# Greetings From Switzerland



## FriesianCatRider (Nov 13, 2008)

Hi all:

My 1st horse is a Friesian though I half boarded lots and lots and lots of horses over the years. I am originally from Long Island, NY.

I am flying to NY tomorrow from Europe for the Thanksgiving holiday and am very excited. My suitcases are all packed and I rode the beast this morning. :lol: Sadly, he won't be making this trip with me.

Check out my pics in my other post and my youtube videos. http://www.youtube.com/user/FriesianCatRider

Happy Turkey Day.


----------



## MirrorStage2009 (Sep 10, 2008)

Hello! Nice to meet another Friesian owner! TJ's not technically my first horse, but he's my first horse that I bought and paid for on my own! :wink:
Originally, you're not that far from me...I'm in Northern New Jersey! 

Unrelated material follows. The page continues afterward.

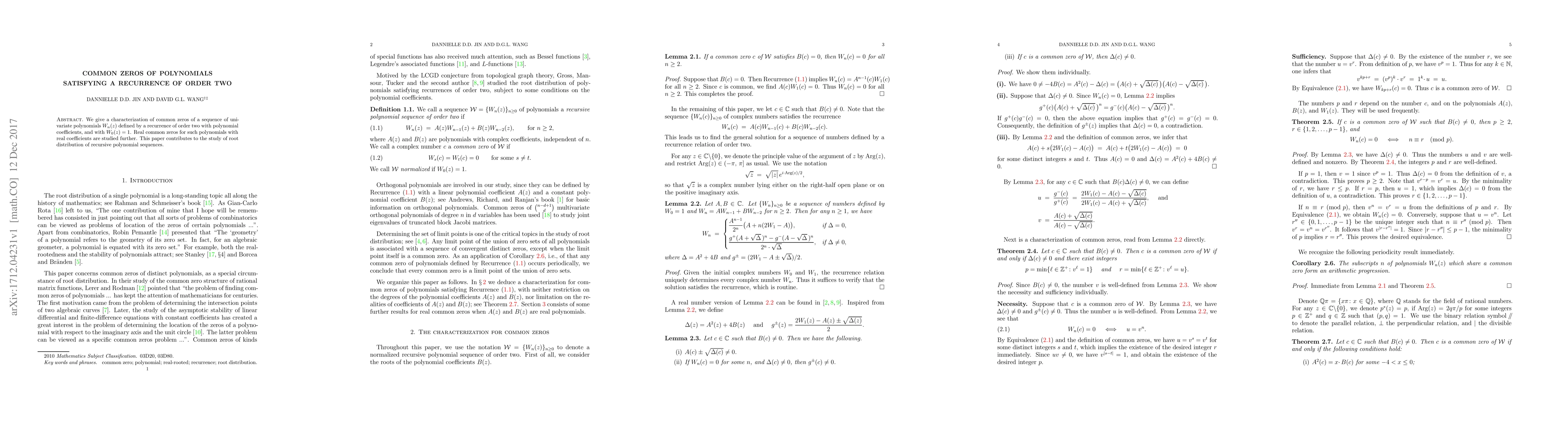 Researchers characterized common zeros of polynomials with a recurrence of order two, focusing on real coefficients and root distribution. They contributed to the study of recursive polynomial sequences.

Wow, you're boy looks gorgeous in "The Moment" video!! Very expressive! What's his name and bloodlines? 

I don't have really nice video of TJ, but here's one of my Friesian doing one of his favourite activities:





 
Enjoy your Thanksgiving back in the states...although I'm sure you'll be itchin' to get back home with and be with your stud muffin!!! :wink:

Happy Holidays!!


----------



## Vidaloco (Sep 14, 2007)

Welcome and have a safe trip to the states and back home again. 
Have a great Thanksgiving!


----------



## PoptartShop (Jul 25, 2010)

Welcome to the Horse Forum!


----------



## buckaroo2010 (Nov 7, 2007)

Welcome to the Horse Forum!
Its So nice to meet you!
Have fun chatting


----------



## kickshaw (May 7, 2008)

Welcome to the HF! Beautiful horse!


----------



## bedouin (Oct 12, 2008)

Welcome to the forum and have fun posting!


----------



## Jehanzeb (Nov 2, 2008)

A very warm welcome. Wow Switzerland! I always wanted to go there, specially to see nice green hills and quite places. Looks really good in photos not sure how it is in reality though . So what's the good time to visit Switzerland?

Hope you enjoy your stay here and have fun posting .

Regards


----------



## Novacaine (May 17, 2009)

Visit Switzerland in the summer! youll love to swimm in the nice lakes inbetween the mountains

im from switzerland myself


----------



## RusticWildFire (Jul 6, 2008)

Welcome to the forum! Nice to meet you!


----------